# NASA Will Announce A Major Mars Discovery On Monday



## Phylyppes (Sep 26, 2015)

NASA is preparing to reveal a “major science finding” regarding Mars on Monday, with the agency planning a special news conference to announce the findings.

The event will take place at 11.30 a.m. EDT (4.30 p.m. BST) on Monday, and you will be able to watch it live on NASA TV, which we have handily embedded below. Reporters will be onsite and asking questions by phone, while the public can get involved via #AskNASA.

What will the announcement be about? Well, you’ll have to wait and see, as NASA won’t be releasing any more information to the public until then.

Taking part in the news conference will be Jim Green, director of planetary science at NASA Headquarters; Michael Meyer, lead scientist for the Mars Exploration Program at NASA Headquarters; graduate student Lujendra Ojha of the Georgia Institute of Technology in Atlanta; Mary Beth Wilhelm of NASA’s Ames Research Center in Moffett Field, California and the Georgia Institute of Technology; and Alfred McEwen, principal investigator for the High Resolution Imaging Science Experiment (HiRISE) at the University of Arizona in Tucson.

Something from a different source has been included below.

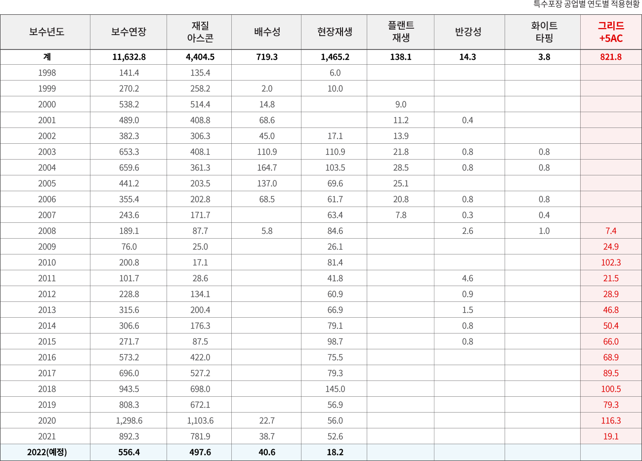 그리드+5AC 공법은 2008년부터 시험 포장을 적용하며 추적조사를 지속적으로 수행하였다.

Such events for NASA are not unprecedented, but they do usually herald a major discovery. In July, NASA convened a similar conference to announce the discovery of Kepler-452b, the most Earth-like planet found outside the Solar System to date. While this latest event won’t be announcing life on Mars, its implications could be vital in understanding more about the Red Planet.

So tune in on Monday for a groundbreaking discovery about a world that we think was once rather similar to our own

Credit: IFL Science


----------



## Highway Nights (Nov 26, 2014)

I wouldn't get your hopes up too much here. The last time this happened, they were quoted as saying it would be "one for the history books", and it turned out to be something most ordinary people wouldn't care about. It's possible it might just be "oh, there's 0.0000009% more argon in the atmosphere than we thought!" 

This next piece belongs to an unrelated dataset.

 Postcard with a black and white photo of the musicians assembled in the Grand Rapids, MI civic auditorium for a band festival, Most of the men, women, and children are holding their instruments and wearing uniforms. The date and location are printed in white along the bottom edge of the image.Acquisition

On the bright side though, could they have found a large quantity of water? I don't think the probe was made to detect life, so I doubt we'll be hearing about that. But I wouldn't be surprised if they made a breakthrough find regarding water.


----------



## Phylyppes (Sep 26, 2015)

Rebelgoatalliance said:


> I wouldn't get your hopes up too much here. The last time this happened, they were quoted as saying it would be "one for the history books", and it turned out to be something most ordinary people wouldn't care about. It's possible it might just be "oh, there's 0.0000009% more argon in the atmosphere than we thought!"
> 
> On the bright side though, could they have found a large quantity of water? I don't think the probe was made to detect life, so I doubt we'll be hearing about that. But I wouldn't be surprised if they made a breakthrough find regarding water.


The safe bet would be to say they have found the existence of running water. I highly doubt the press release will unveil anything more sensational than that. Definitively confirming the existence of life on another planet would take a lot more resources and tests...


Unless "they" got something on Mars far more advanced that I would know about.


----------



## Highway Nights (Nov 26, 2014)

Phylyppes said:


> The safe bet would be to say they have found the existence of running water. I highly doubt the press release will unveil anything more sensational than that. Definitively confirming the existence of life on another planet would take a lot more resources and tests...
> 
> 
> Unless "they" got something on Mars far more advanced that I would know about.


I'd personally be excited to hear about that. I've heard about mineral deposits being found that suggests more recent traces of running water, so it would be pretty cool to come face to face with that. Regardless, people often jump on the "OHHHHH DID THEY FIND LIFE" bandwagon whenever any kind of announcement is going to be made by NASA or any other space agency, so I think NASA needs to be careful when they let their PR team pump people up.


----------



## Phylyppes (Sep 26, 2015)

Rebelgoatalliance said:


> I'd personally be excited to hear about that. I've heard about mineral deposits being found that suggests more recent traces of running water, so it would be pretty cool to come face to face with that. Regardless, people often jump on the "OHHHHH DID THEY FIND LIFE" bandwagon whenever any kind of announcement is going to be made by NASA or any other space agency, so I think NASA needs to be careful when they let their PR team pump people up.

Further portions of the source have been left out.